• Work to be completed: Quote every line of the data below as it stands, omitting pictures.

[Items from a dataset]
━━━━
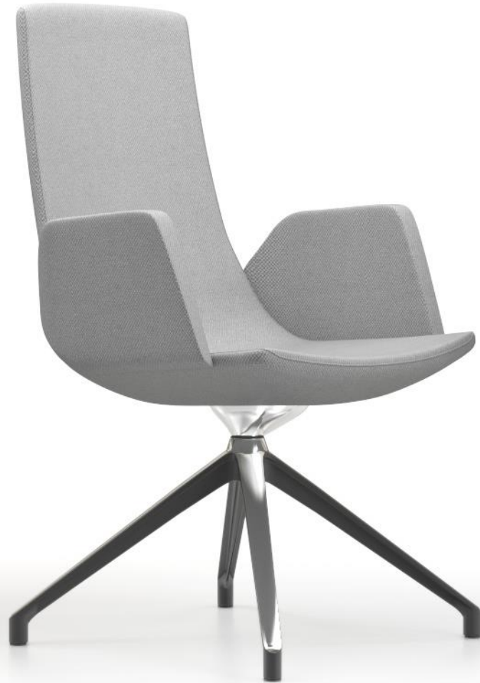
Elegant and sophisticated swivel, 4-leg base in polished aluminium
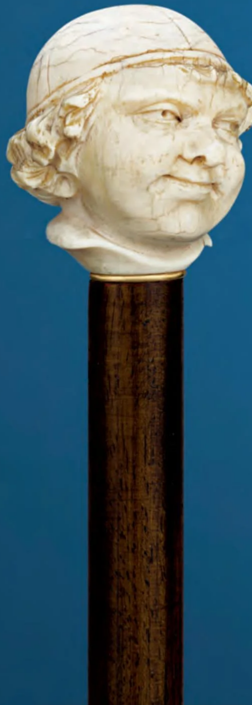
Happy Monk Cane The knob of this elegant walking stick is masterfully carved with the visage of a happy monk. 33 3 / 4 " length. $1,885. #31-1963
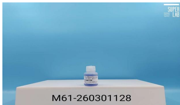
Figure 1: Test article.
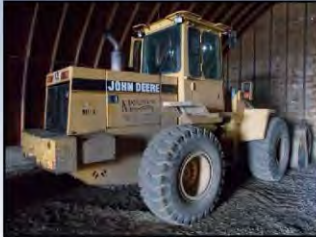
JD 544G 4wd Wheel Loader

COMPLETE Listing Online at www.allenolsonauction.com
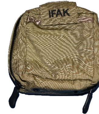
Operator Kit Pouch
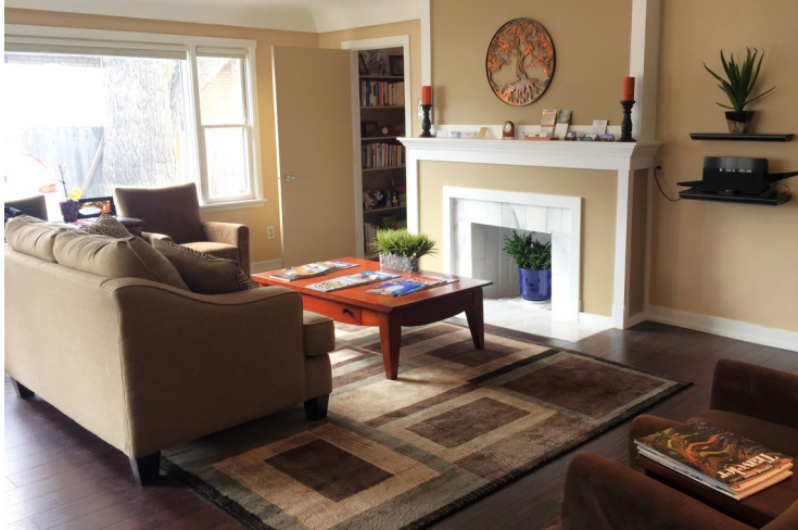
RECEPTION / WAITING ROOM
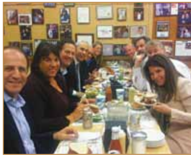
Temple Trustees take a pastrami break at Katz's Deli on the lower east side before visiting more congregations.

What do three synagogues, a JCC and a church all have in common? They are all in New York City and your Temple Board of Trustees visited each of them during a recent fact finding mission. We were interested in learning about urban congregations that had
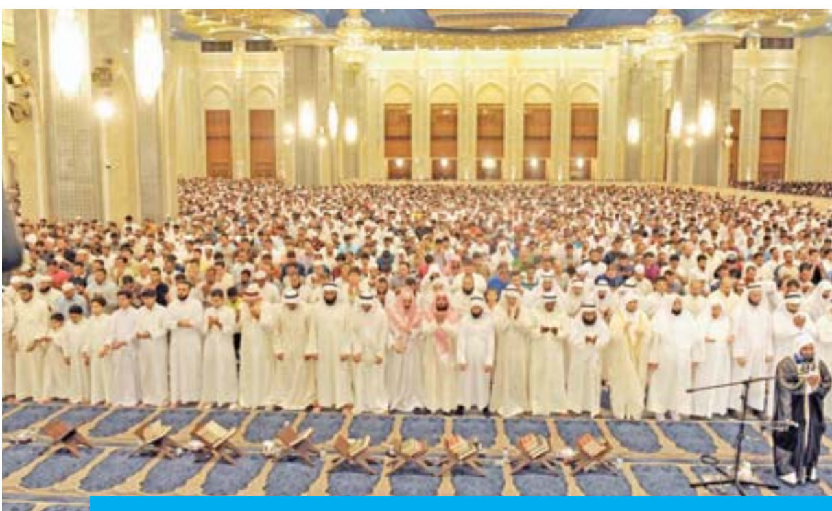
Crowds of worshippers perform the qiyam prayer in the Grand Mosque on the 27th night of Ramadan.
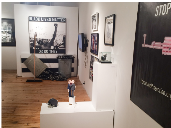
Install shot, What's Right, What's Left: Democracy in America

During the opening for our What's Right, What's Left: Democracy in America exhibition in January 2016, a Turkish man introduced himself to me. He was visiting his daughter, who was studying in the city and, because he was so distraught about the state of democracy or lack thereof in his country, he needed the solace of being in a safe place where democracy was being talked about and analyzed. He was not an artist but told me how comforting it was that we had that space to share our concerns and feelings about what is right and what is wrong in government. That brief conversation made the world seem like a smaller, kinder place, where strangers feel safe enough to reach out to each other for a bit of solace.
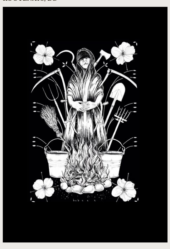
Botanical Posters, Prints, Stickers www.bubzeeart.com/shop
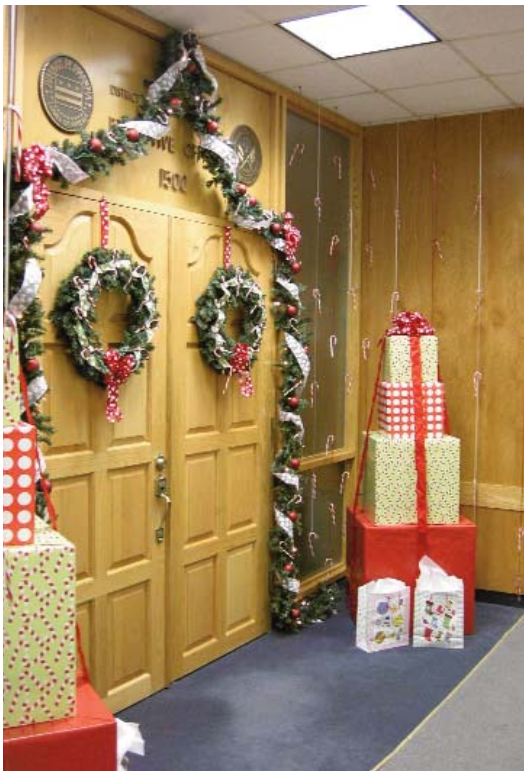
The Executive Office front door in 2001, one of the first displays.
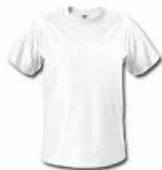
White T-shirt School
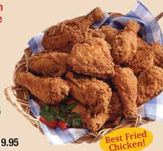
Best Fried Chicken!
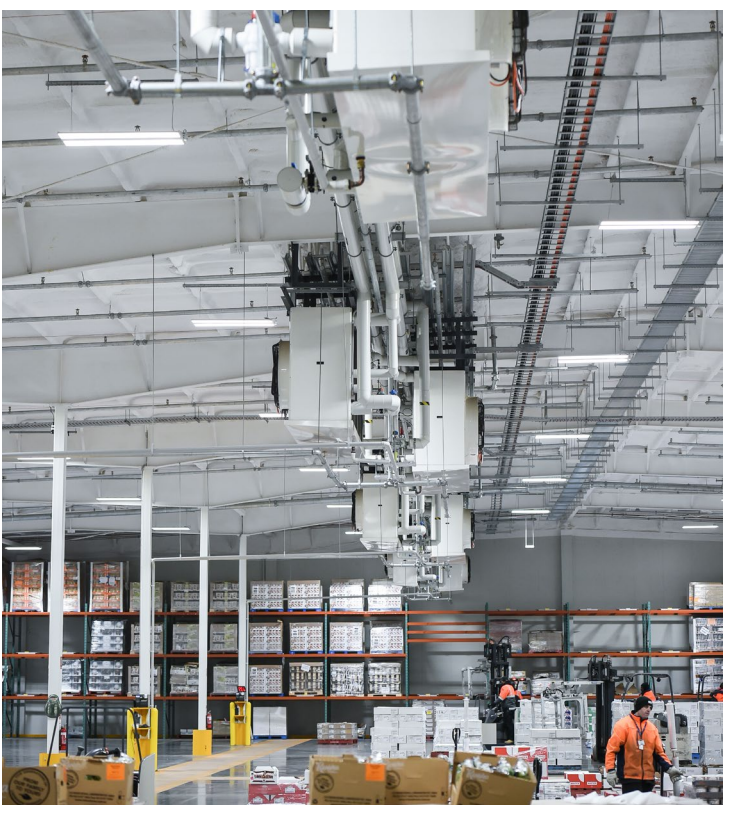
The newly built cold storage and distribution center in Western Sydney.

Compared to a traditional ammonia-pumped circulation system, the two NewTon R6000 units for the frozen storage area reduce the amount of ammonia from an estimated 1,900kg (4,189lbs) to 100kg (220lbs), according to Peter O'Neill, General Sales Manager for Mayekawa Australia, who spoke about the project during ATMOsphere Australia, held this past May in Melbourne. The CO<sub>2</sub> charge in this case is 1,300kg (2,866lbs).
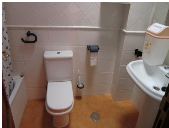
Bathroom with toilet and bathtub
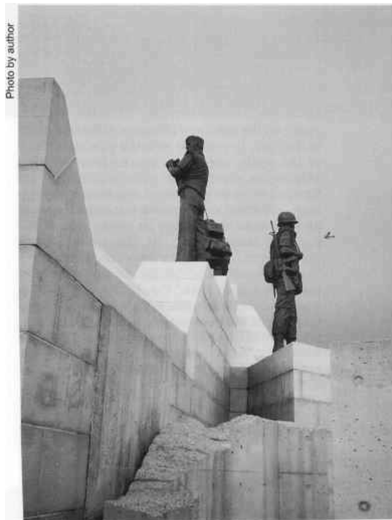
Figure 2 - General view of the Peacekeeping Monument, Ottawa.

As dramaturgical space the monument has considerable impact. The corridor is best viewed from the south-east, where the eye is drawn into the cleft by a pattern of floor tiles (modelled on the Green Line bisecting Nicosia, the capital of Cyprus) that meander around the chunks of sawn and drilled concrete littering the corridor floor (Figure 3). Approaching the apex of the two walls that form the sides of the corridor one becomes aware of the large cast bronze figures dominating the skyline. Two fissures in the corridor walls open out to reveal the ceremonial
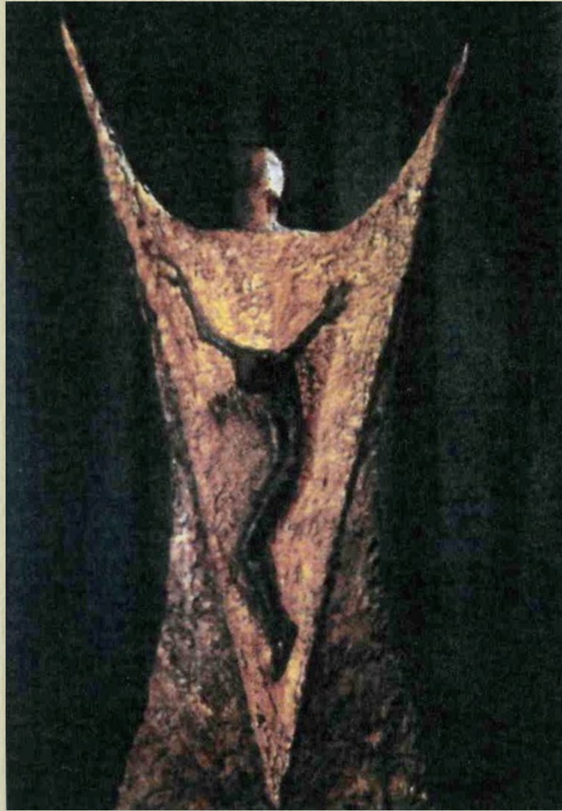
The Servant Song
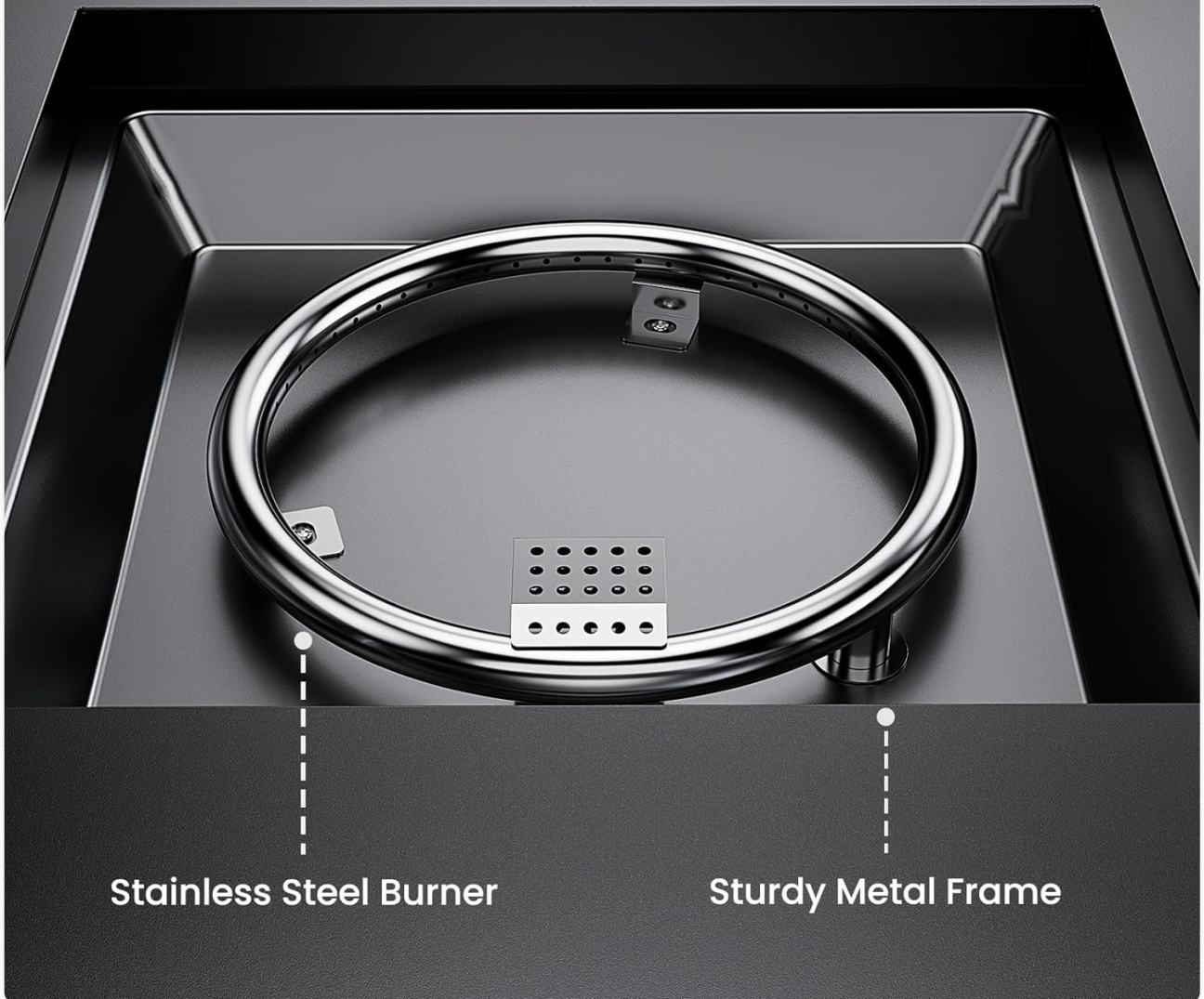
Image: A close-up view highlighting the durable stainless steel burner ring and the robust metal frame construction of the fire pit table.
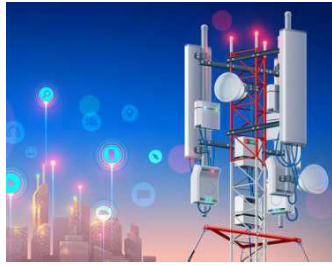
INFRA CLASH. Earlier, the companies had also opposed a third-party agreement between the Mumbai Metro Rail Corporation Ltd and ACES for IBS deployment

In various joint letters addressed to the authorities of Navi Mumbai, Guwahati, Thiruvananthapuram and Bengaluru airports (whose IBS licenses will expire on May 31), the telcos noted that "unlicensed entities holding IP-1 (infrastructure provider-1) registrations from the Department of Telecommunication" had approached the airport officials to deploy the IBS.
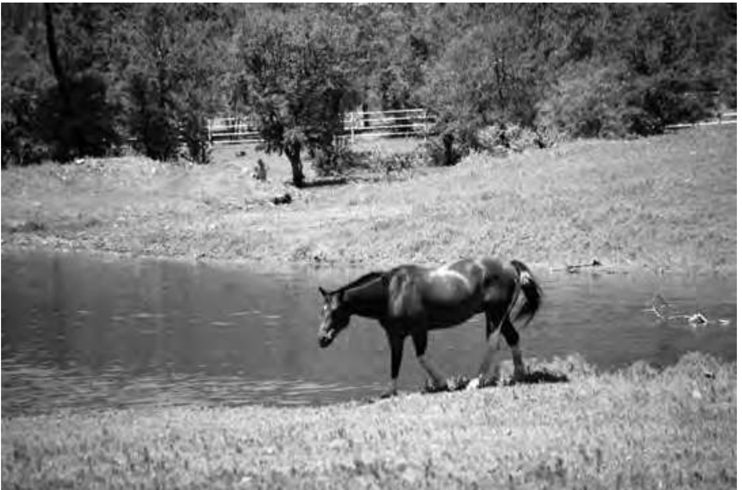
In general, it can be stated that equine sanctuaries must be assured of adequate supplies of clean and pure drinking water. If wells are the source of water, their capacity to deliver sufficient quantities of high quality water throughout the year must be assured.

While some sanctuaries may maintain their own water supply through on-site wells, the water needs and quality for most sanctuaries will be dictated by local governmental agencies. Similarly the means and methods for the control of water run-off and sewage release from sanctuary facilities will be dictated by the rules and regulations of local and state governments. In general, it can be stated that equine sanctuaries must be assured of adequate supplies of clean, pure drinking water. If wells are the source of water, their capacity to deliver sufficient quantities of high quality water throughout the year must be assured. Drainage
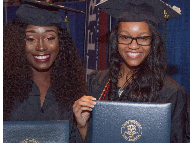
Eastern Connecticut State University

Using funds from a Title III grant, as well as other university resources, Eastern invested $4 million in the advising program. The year after the program was implemented, student satisfaction rose from 69 percent to 78 percent. NSSE data showed that from 2008 to 2012 student ratings increased 31 percentage points for faculty accessibility, 11 points for Eastern as a supportive campus, and 12 points for prompt feedback from faculty.
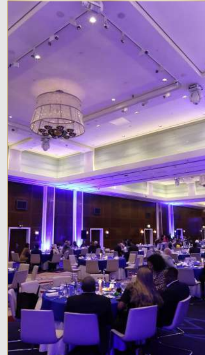
“Celebratory Gala Dinner hosted at the Museum of the Future, Dubai, in the presence of decision makers controlling assets in excess of USD 2 Trillion”
━━━━
• Finished task:
Elegant and sophisticated swivel, 4-leg base in polished aluminium
Happy Monk Cane The knob of this elegant walking stick is masterfully carved with the visage of a happy monk. 33 3 / 4 " length. $1,885. #31-1963
Figure 1: Test article.
JD 544G 4wd Wheel Loader

COMPLETE Listing Online at www.allenolsonauction.com
Operator Kit Pouch
RECEPTION / WAITING ROOM
Temple Trustees take a pastrami break at Katz's Deli on the lower east side before visiting more congregations.

What do three synagogues, a JCC and a church all have in common? They are all in New York City and your Temple Board of Trustees visited each of them during a recent fact finding mission. We were interested in learning about urban congregations that had
Crowds of worshippers perform the qiyam prayer in the Grand Mosque on the 27th night of Ramadan.
Install shot, What's Right, What's Left: Democracy in America

During the opening for our What's Right, What's Left: Democracy in America exhibition in January 2016, a Turkish man introduced himself to me. He was visiting his daughter, who was studying in the city and, because he was so distraught about the state of democracy or lack thereof in his country, he needed the solace of being in a safe place where democracy was being talked about and analyzed. He was not an artist but told me how comforting it was that we had that space to share our concerns and feelings about what is right and what is wrong in government. That brief conversation made the world seem like a smaller, kinder place, where strangers feel safe enough to reach out to each other for a bit of solace.
Botanical Posters, Prints, Stickers www.bubzeeart.com/shop
The Executive Office front door in 2001, one of the first displays.
White T-shirt School
Best Fried Chicken!
The newly built cold storage and distribution center in Western Sydney.

Compared to a traditional ammonia-pumped circulation system, the two NewTon R6000 units for the frozen storage area reduce the amount of ammonia from an estimated 1,900kg (4,189lbs) to 100kg (220lbs), according to Peter O'Neill, General Sales Manager for Mayekawa Australia, who spoke about the project during ATMOsphere Australia, held this past May in Melbourne. The CO<sub>2</sub> charge in this case is 1,300kg (2,866lbs).
Bathroom with toilet and bathtub
Figure 2 - General view of the Peacekeeping Monument, Ottawa.

As dramaturgical space the monument has considerable impact. The corridor is best viewed from the south-east, where the eye is drawn into the cleft by a pattern of floor tiles (modelled on the Green Line bisecting Nicosia, the capital of Cyprus) that meander around the chunks of sawn and drilled concrete littering the corridor floor (Figure 3). Approaching the apex of the two walls that form the sides of the corridor one becomes aware of the large cast bronze figures dominating the skyline. Two fissures in the corridor walls open out to reveal the ceremonial
The Servant Song
Image: A close-up view highlighting the durable stainless steel burner ring and the robust metal frame construction of the fire pit table.
INFRA CLASH. Earlier, the companies had also opposed a third-party agreement between the Mumbai Metro Rail Corporation Ltd and ACES for IBS deployment

In various joint letters addressed to the authorities of Navi Mumbai, Guwahati, Thiruvananthapuram and Bengaluru airports (whose IBS licenses will expire on May 31), the telcos noted that "unlicensed entities holding IP-1 (infrastructure provider-1) registrations from the Department of Telecommunication" had approached the airport officials to deploy the IBS.
In general, it can be stated that equine sanctuaries must be assured of adequate supplies of clean and pure drinking water. If wells are the source of water, their capacity to deliver sufficient quantities of high quality water throughout the year must be assured.

While some sanctuaries may maintain their own water supply through on-site wells, the water needs and quality for most sanctuaries will be dictated by local governmental agencies. Similarly the means and methods for the control of water run-off and sewage release from sanctuary facilities will be dictated by the rules and regulations of local and state governments. In general, it can be stated that equine sanctuaries must be assured of adequate supplies of clean, pure drinking water. If wells are the source of water, their capacity to deliver sufficient quantities of high quality water throughout the year must be assured. Drainage
Eastern Connecticut State University

Using funds from a Title III grant, as well as other university resources, Eastern invested $4 million in the advising program. The year after the program was implemented, student satisfaction rose from 69 percent to 78 percent. NSSE data showed that from 2008 to 2012 student ratings increased 31 percentage points for faculty accessibility, 11 points for Eastern as a supportive campus, and 12 points for prompt feedback from faculty.
“Celebratory Gala Dinner hosted at the Museum of the Future, Dubai, in the presence of decision makers controlling assets in excess of USD 2 Trillion”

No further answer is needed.